These are the key concepts you need to understand to accurately answer the question.

Velocity-Time Integration
When studying motion, an important concept is how velocity changes over time when a particle is under constant acceleration. Velocity-time integration is a method used to find an object's velocity at a specific time by integrating its acceleration function with respect to time. Imagine pushing a sled down a snowy hill; the sled will accelerate due to gravity. To calculate how fast it's moving after a certain time, we could use velocity-time integration.

For instance, given an acceleration function, like the textbook problem suggests, you start with an initial velocity and integrate acceleration to find the new velocity. In our example, the initial conditions were zero velocity, and by integrating the acceleration function from time zero to any given time (t), you're essentially summing up all the tiny changes in velocity that occur every moment, which results in the overall change in velocity from the starting point to time (t).
Position-Time Integration
Position-time integration takes the process a step further by determining the position of an object after it has been in motion for a while. The position of an object is affected by both its initial position and its velocity over time. By integrating the velocity function with respect to time, we get the position function.

Consider a toy car rolling across the floor; to determine how far it has traveled after accelerating for a few seconds, we'd integrate its velocity over that time period.

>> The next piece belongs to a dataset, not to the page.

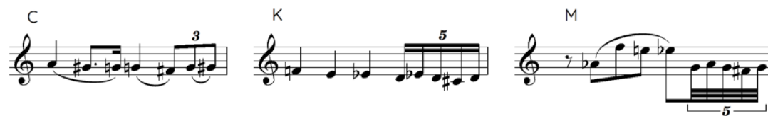
Figura 6: Relação sentencial entre temas (variação em desenvolvimento).

Na tabela acima, a indicação das regiões harmônicas segue a nomenclatura proposta por Schoenberg em funções estruturais da harmonia (Schoenberg, 2011) e se refere às regiões em modo menor. Uma segunda etapa da peça tem início no compasso 50 com a introdução de mais um tema (Tema I). Ao contrário do que havia acontecido anteriormente, este tema está em uma região distante da tônica, Sib menor, submediante menor da tônica menor na nomenclatura de Schoenberg. Até o compasso 99, quando se encerra esta parte da peça, o compositor passa por outras regiões distantes da tônica – com a breve exceção de um momento na subdominante menor nos compassos 77-78 – e apresenta mais seis novos temas. É marcante a relação entre os temas C, que havia aparecido na seção anterior (c. 18), e os temas K e M, que parecem ser variações do primeiro em ordem progressiva de distanciamento temático 8 :
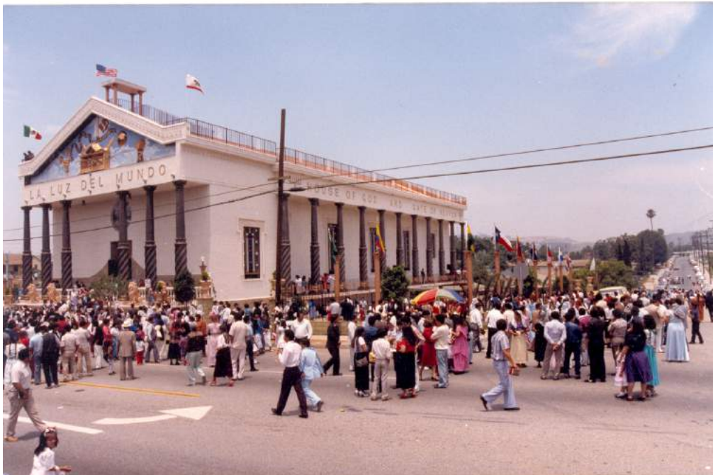
Imagen 1. Templo en el este de Los Ángeles, Inauguración, 1985.

La primera presencia eclesiástica de LLDM fue una casa-iglesia ubicada en la calle San Pedro y 87 (Estrada 2020), y de hecho las casa-iglesias siguen funcionando como lugares de misión en zonas donde los templos son demasiado remotos. Sin embargo, los miembros pronto superaron esta ubicación y se trasladaron al otro lado de la calle de la futura ubicación del templo LLDM en el este de Los Ángeles. La iglesia continuó expandiéndose, y a principios de la década de 1970 LLDM compró un terreno en el 112 North Arizona Avenue, donde los miembros de la iglesia construyeron ellos mismos el templo actual, aprovechando las habilidades y fortalezas de los miembros que vivían a los alrededores. El templo del este de Los Ángeles tiene más de 1,000 asientos y fue inaugurado por el segundo Apóstol de LLDM, Samuel Joaquín Flores (1937-2014), en 1985 (véase la imagen 1). En 2005, el Apóstol Samuel visitó la iglesia de Los Ángeles para celebrar el 50º aniversario del ministerio de la LLDM en la zona.

Using the velocity calculated from the acceleration function, we integrate from the initial position (which was zero in the textbook problem) to find how far the particle moves. It's like calculating the area under the velocity-time curve, which represents the distance the particle has traveled during the given time.
Acceleration Function
The acceleration function describes how a particle's acceleration changes over time. It is a key component in understanding motion because it provides the rate at which the velocity changes. In a practical sense, an acceleration function could be used to model a car's increasing speed as the driver pushes on the gas pedal.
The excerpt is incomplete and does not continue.